In einschlägigen Internetforen stößt man schnell auf Berichte über Einzelfälle, die schwere Impfschäden davongetragen haben. „Die Geschichten sind sehr bedauerlich und emotional, man kann sie sich deshalb gut merken“, sagt Betsch. „Dagegen kommen nackte Zahlen und Statistiken nur schwer an.“ Sogar Menschen, denen völlig klar ist, dass die Datenlage für das Impfen spricht, geraten angesichts solcher Berichte ins Grübeln, hat die Psychologin herausgefunden. Sie stellte auch fest, dass oft Zeitmangel dahintersteckt, wenn Kinder nicht geimpft sind. „Impfen ist Aufwand“, erklärt Betsch. „Wenn der Sohn noch zum Fußball oder einem Kindergeburtstag muss, passt ein Arzttermin schlecht in den Alltag.“ Man müsste das Impfen einfacher machen, findet die Psychologin.

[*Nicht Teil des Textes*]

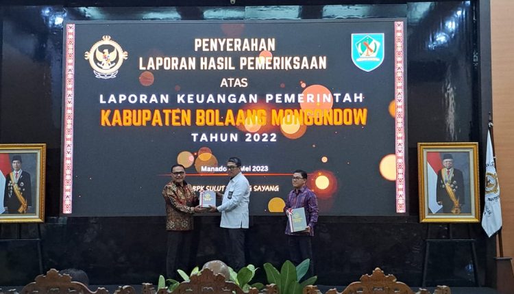 BOLMONG,WB-Badan Pemeriksa Keuangan Republik Indonesia (BPK RI) perwakilan Sulawesi Utara menyerahkan Laporan Hasil Pemeriksaan (LHP) keuangan Pemkab Bolaang Mongondow Bolmong, bertempat di Kantor BPK Manado, Senin 15 Mei 2023.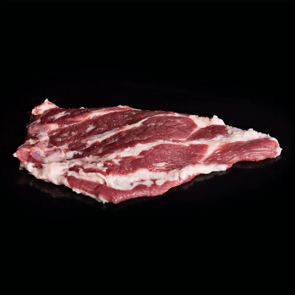 Un corte jugoso y sabroso, perfecto para asar o a la parrilla. Carne muy jugosa y tierna. Se extrae de la parte posterior del cabecero.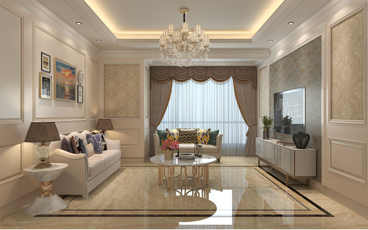 空間色彩能夠在第一時間影響人的情緒體驗,我們結(jié)合當(dāng)代人的審美特點(diǎn),綜合考量了色彩的藝術(shù)特質(zhì)和“人”的體驗感受特質(zhì)??臻g軟裝陳設(shè)在理性秩序中體現(xiàn)藝術(shù)品味,糅合古典元素的當(dāng)代藝術(shù)符號讓空間迸發(fā)出鮮活的美學(xué)力量,奶白色自然親和平衡著人的內(nèi)在情緒,搭配相對明亮的黃、綠、灰紫等家具顯示出時尚氣息。整個空間介于傳統(tǒng)與現(xiàn)代之間,獨(dú)特個性,別致而耐咀嚼。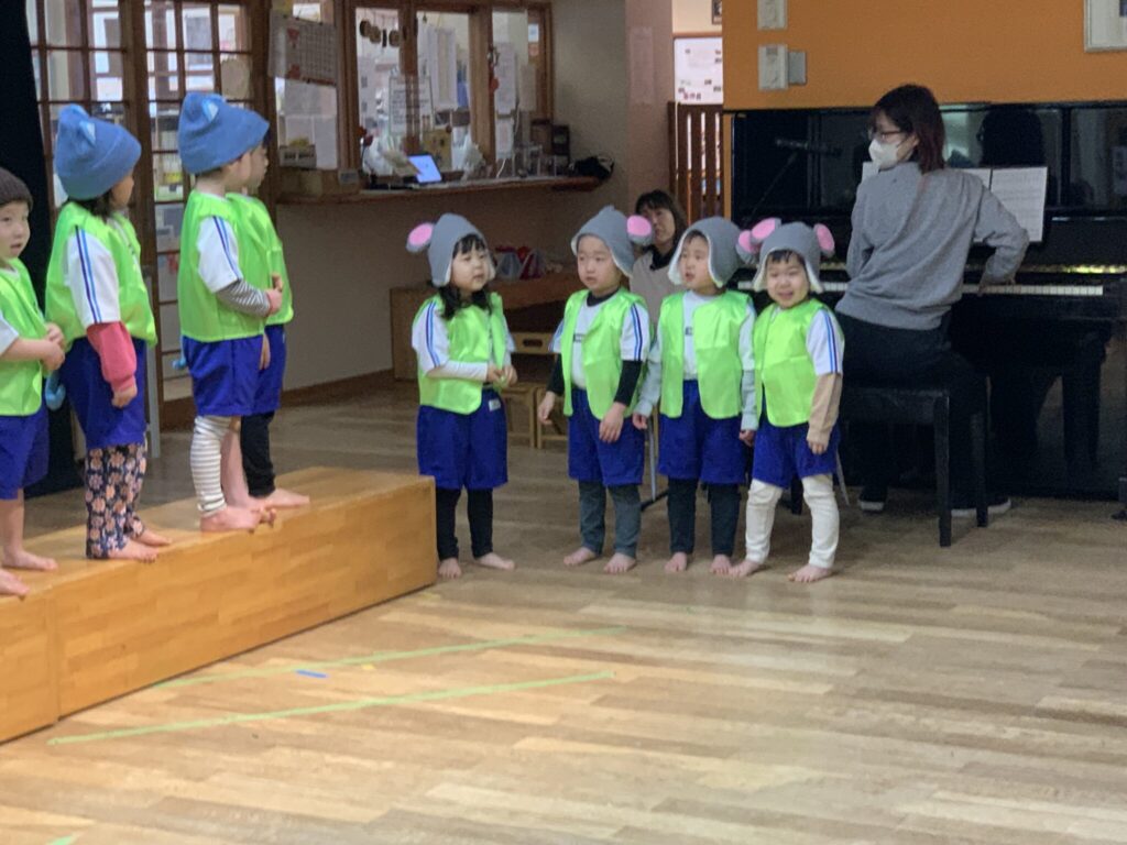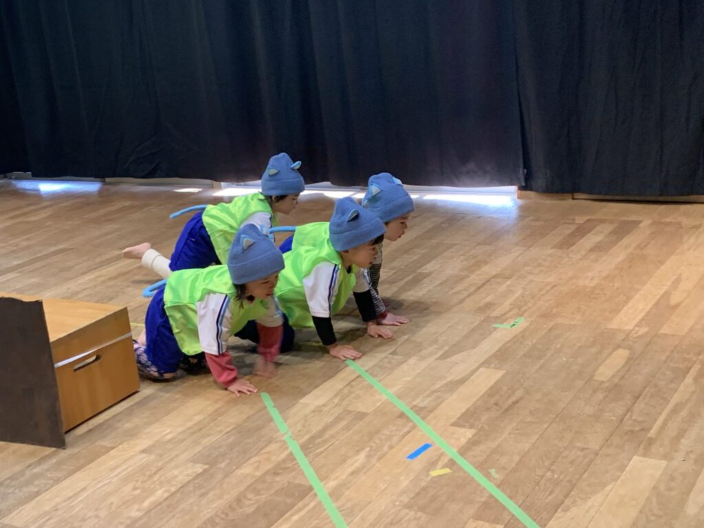 練習では、繰り返しのある分かりやすい展開を楽しみながら登場人物の動きを自分たちに考え「ネコはこうやって歩いているよ」「おじいさんはゆっくり歩いてみよう」と役になりきる姿がありました。時にはお互いに見合いっこをして「歩き方がかっこよかった」「大きな声でセリフを言えてた」「しっかり立った方がかっこいいと思う」と感想を言い合いお互いに、モチベーションを高めました😊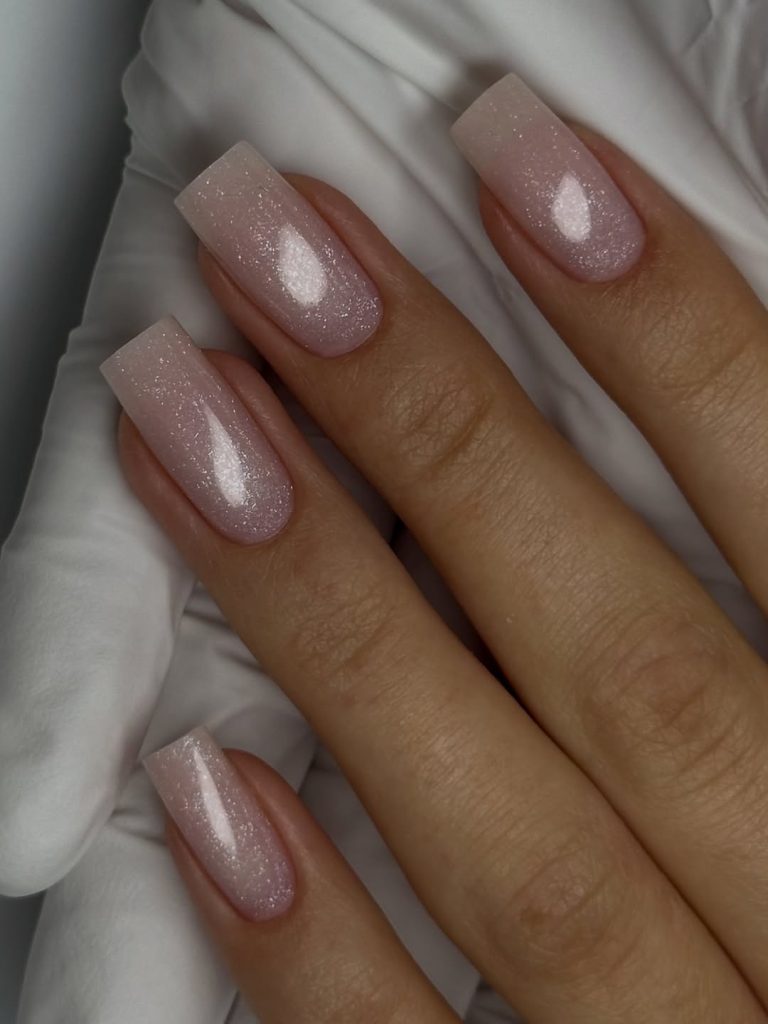 A veil of micro-shimmer fades from rosy cuticles to soft-white tips on elongated square nails—the most photogenic iteration of the “baby-boomer” gradient.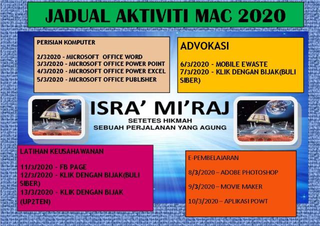 JADUAL AKTIVITI BULAN OKTOBER 2019 TARIKH AKTIVITI TEMPAT 2/10/2019 Bengkel Asas Penggunaan Mouse & Tetikus BILIK LATIHAN PI1M KG PANTAI 5/10/2019 Microsoft Excel BILIK LATIHAN PI1M KG PANTAI 7/10/2019 Adobe Photoshop BILIK LATIHAN PI1M KG PANTAI 8/10/2019 Kemahiran Hasilkan Kertas Kerja BILIK […]

Wann welche Schutzimpfung erfolgen sollte, veröffentlicht jedes Jahr die Ständige Impfkommission (STIKO) in ihren Empfehlungen. Wer dort nachschaut und fürchtet, dass er einiges nachzuholen hat, ist bei seinem Hausarzt an der richtigen Adresse. Er prüft im Impfpass, ob etwas aufzufrischen ist. Ist das Dokument nicht mehr auffindbar, gibt es zwei Möglichkeiten, sagt der STIKO-Vorsitzende Thomas Mertens: „Am einfachsten ist es, alle Standardimpfungen aufzufrischen, die ein Erwachsener haben sollte. Sollte eine zu viel dabei sein, schadet das nicht.“ Denn das Immunsystem inaktiviert kurzerhand den Erreger aus dem Serum, wie es das gelernt hat. Alternativ testet der Arzt das Blut auf vorhandene Antikörper und sieht, ob eine Impfung fällig ist. Der Mediziner spiele eine Schlüsselrolle bei der Einstellung zum Impfen, sagt Mertens: „Wenn ein Patient Fragen hat, sollte er klare Antworten geben. Zögert der Arzt, schürt das Unsicherheiten.“

Eine Impfpflicht könnte auch schaden

Dass es aufgrund von Unsicherheiten bisher nicht gelang, die Masern auszurotten, ärgert den Virus-Experten: „Wir haben unsere Chance noch nicht genutzt, obwohl sie realistisch war.“ Von einer Impfpflicht, wie sie Italien, Frankreich und indirekt auch die USA eingeführt haben, hält Mertens trotzdem nichts: „Sie könnte dem Impfen mehr schaden als nützen. Eher sollten wir alles für eine Bonusregelung tun.“

Eine Prämie für jeden, der sich um seine Impfungen kümmert? Wieso nicht – auch die Erfurter Psychologin Betsch rät von einer Impfpflicht ab. Eine ihrer Studien ergab, dass freiwillige Impfungen dann erst recht vernachlässigt würden, weil die Menschen sich ihre Entscheidungsfreiheit darüber zurückholen. „Eine Pflicht würde besonders die Skeptiker nur verärgern“, sagt Betsch. „Besser fände ich eine Widerspruchslösung wie es sie in manchen Ländern für Organspender gibt: Wer vom Impfen zurücktreten möchte, kann das mit einem Formular erklären.“

Wie auch immer Deutschland seine Impflücken schließen wird: Bis das Masernvirus aus den Kitas verschwunden ist und in Sibirien neben den Pocken steht, wird wohl noch einige Zeit vergehen. Jeder Einzelne könnte dazu beitragen, dass es nicht mehr allzu lange dauert.